The historic jewel was passed down through the Knatchbull Baronets.
The Lacloche Freres ruby and diamond evening mesh bag in the shape of a pig sold for £109,620 (€127,196) – 44 times its estimate of between £2,000 and £3,000.
The unusual purse features eyes set with cabochon rubies, a tail and trotters made of rose-cut diamonds and a spine of cushion-shaped diamonds.
It belonged to the Countess’s mother Edwina, the 1st Countess Mountbatten of Burma.

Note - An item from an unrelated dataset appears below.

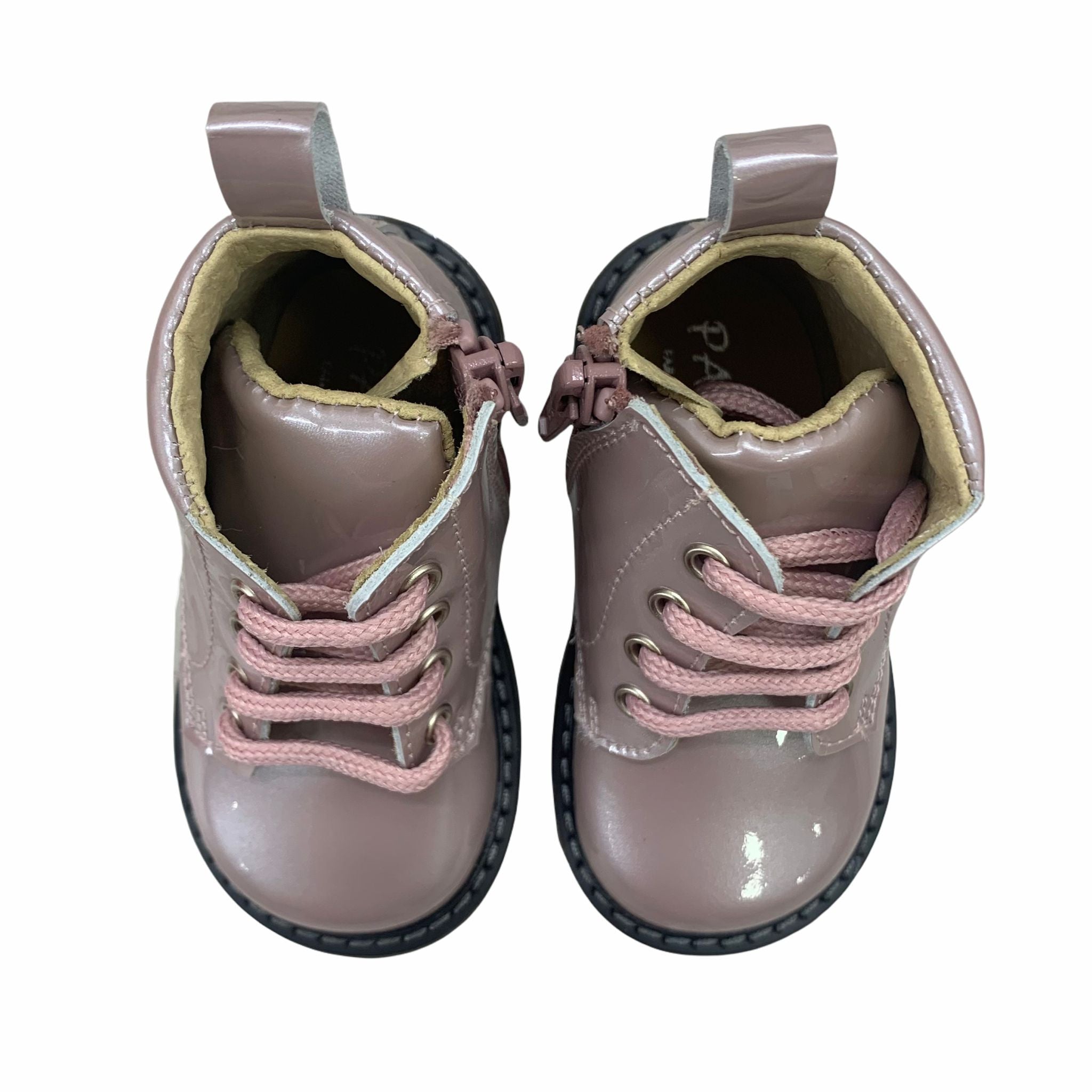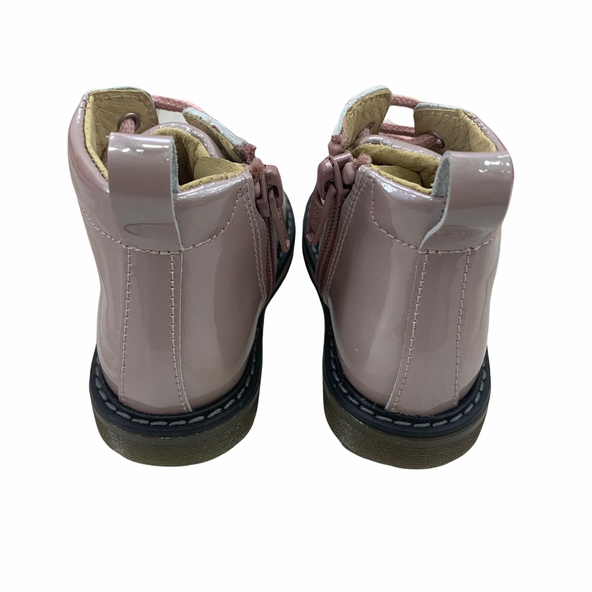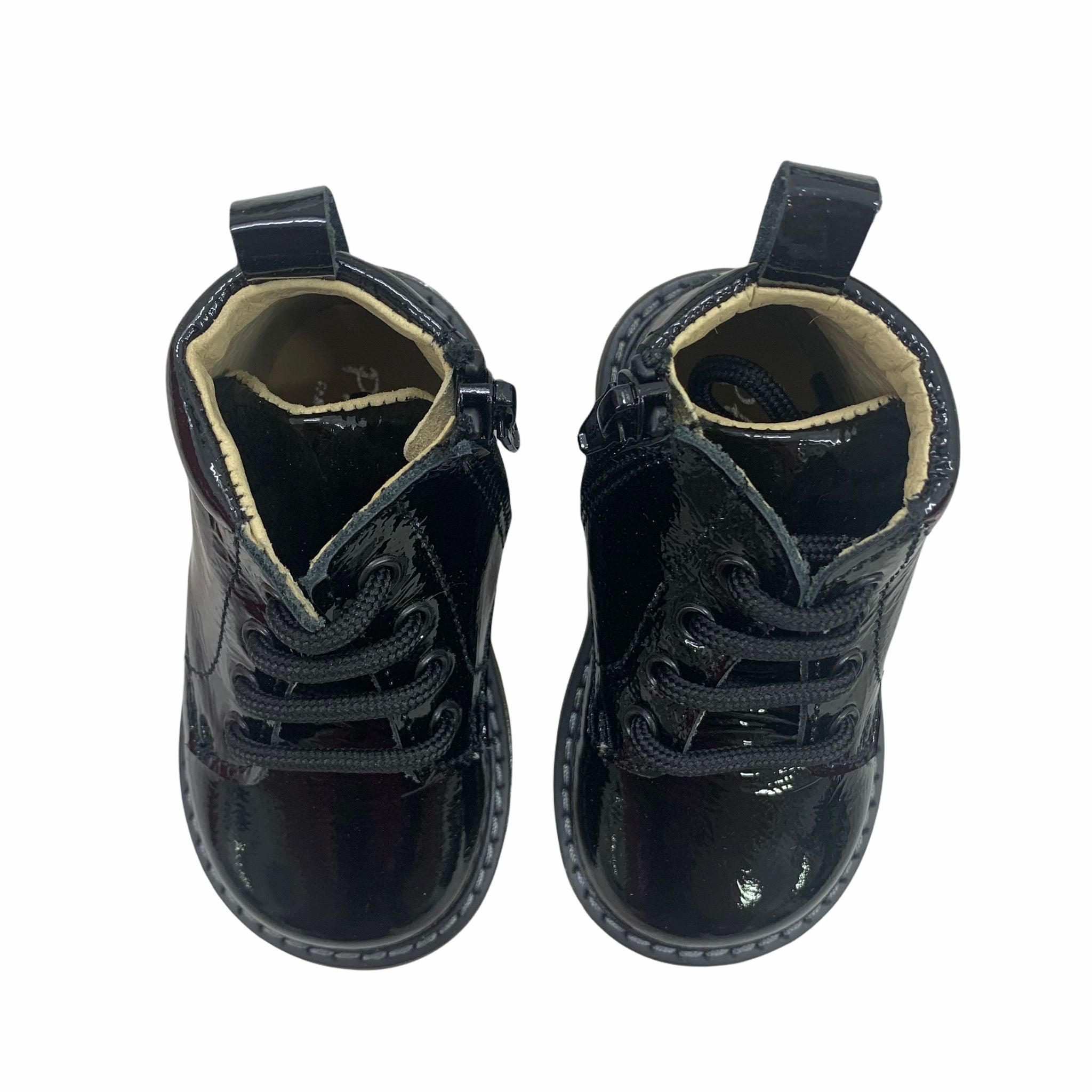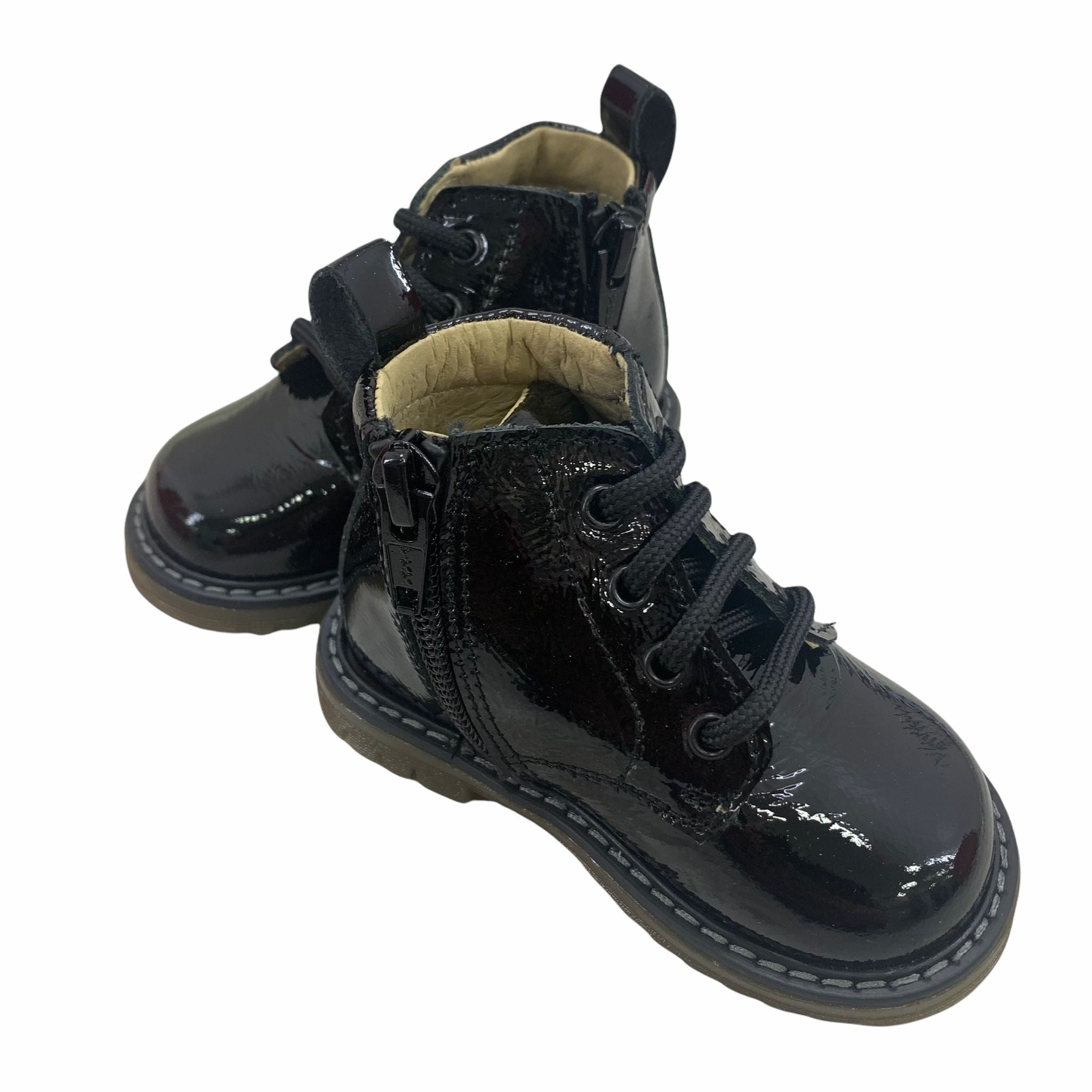 Scarponcini in vernice nera con suola antiscivolo, lacci e cerniera al lato.

The Mountbatten family loved animals and had a menagerie of pets wherever they lived, including a horse gifted to Edwina and Louis Mountbatten by the Maharajah of Jaipur for their wedding, and a lion cub that Edwina brought home from South Africa when Patricia was 13.
Sotheby’s said 1,400 bidders registered from 55 countries for the auction.
Queen Victoria’s mourning jewels – a button, brooch and two pendants – some containing locks of hair sold for a combined total of £100,800 (€116,900).
The items were said to have brought solace to Victoria following the death of her mother and three of her nine children.
They included a banded agate and diamond pendant commissioned by Prince Albert in 1861 with a miniature photograph of the Duchess of Kent and a lock of hair which sold for £32,760 (€38,000).